Dithering was simply done using adaptive_grain. It applies stronger graining on darker areas of the frame because that's where human eyes are better attuned to seeing detail, so we want those to be killed during encoding the least.
Final cleaning is a weak blur on very high-brightness areas. Just like how we can see detail in darker areas better, we're nowhere near as good at seeing finer detail in super bright areas, so we can save space by carefully culling parts of it.
The end result is a much sharper picture, less compression noise overall (at the cost of some very slight detail loss in some backgrounds), more well-defined line-art, less banding, etc. One thing you may have noticed I skipped out on was the shimmering. That's because there's simply no real good solution to fixing that.
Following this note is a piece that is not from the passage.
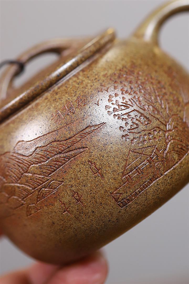 原礦紫泥描金遊龍秦權茶壺POT6831

Sure, there's QTGMC, but that black box of a filter is incredibly destructive and oftentimes just makes the end result worse, so I decided against using it.
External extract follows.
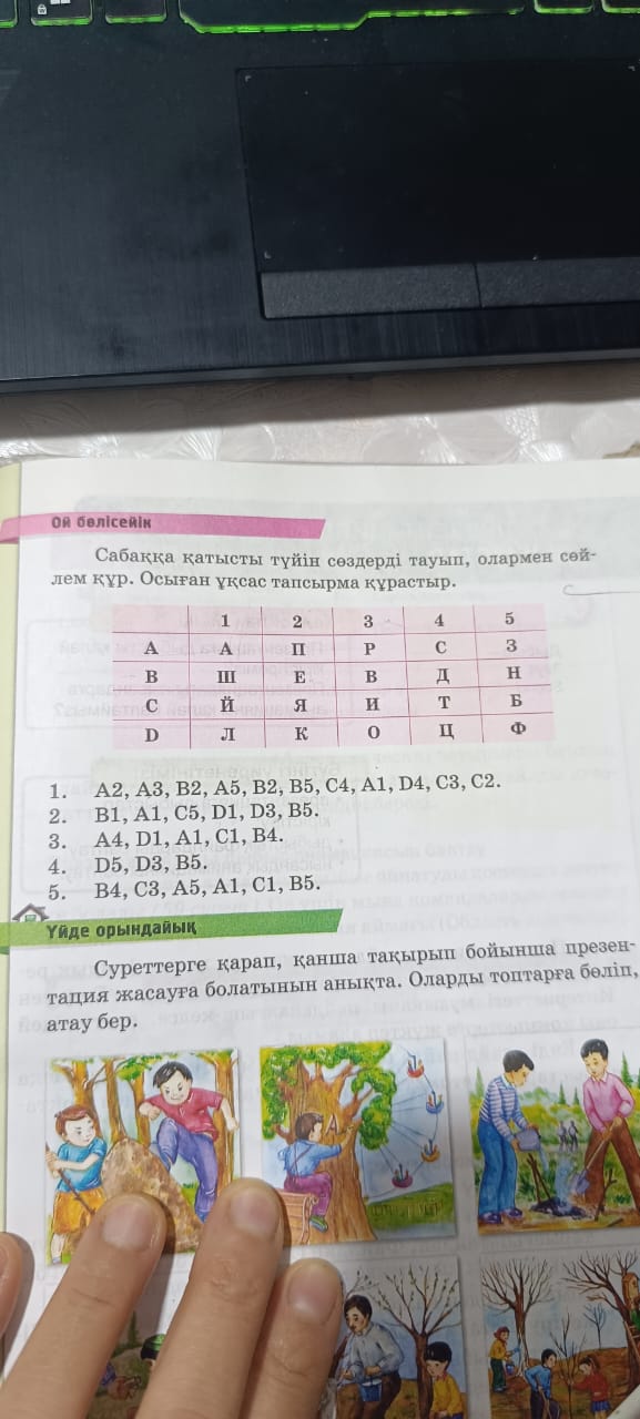 Ноутбук арқылы берілген тапсырманы орындайды. Жауаптарын сол ноутбук арқылы берілген парақтарға енгізеді

tl;dr multimedia sucks and everything related to video should just burn down.
Hope this was an interesting insight into the encoding part of things. I'm also taking over editing and I've already done the song styling a while ago, so it might be fun to talk about those later. We'll see.
Last edited by LightArrowsEXE; July 24th, 2022 at 08:03 AM.
The byzantine nature of the French Bread engine is known to few.
I feel somewhat bad that I don't have a solution to some of this stuff.
The game crashes a lot after I applied the patch. Like when I try to start a match it just crashes into Windows.
Sorry, I missed this. We actually had Light up there with a similar problem. It eventually just solved itself mysteriously. Not sure what the cause is.
That said, this patch will be outdated within the week. There probably won't be any time to diagnose and fix this problem.
I might compile them in a more digestible format myself later. They're scattered across a bunch of files in various locations. For now, I'll just recommend you download the MBTL extractor and retrieve the files yourself. They're generally in the SE_Category files located in each character's personal files.
Be so funny if the Spanish, French, and Brazil translation is more accurate than official Engrish one.
Your not a TYPE MOON fan if you don't even own a TM Merch or haven't fapped to a TM character.
They shown one screenshot and from that alone I can already tell you that the Brazil version is worse than English. There are no upsides to today's announced. 100% é uma lua ruim.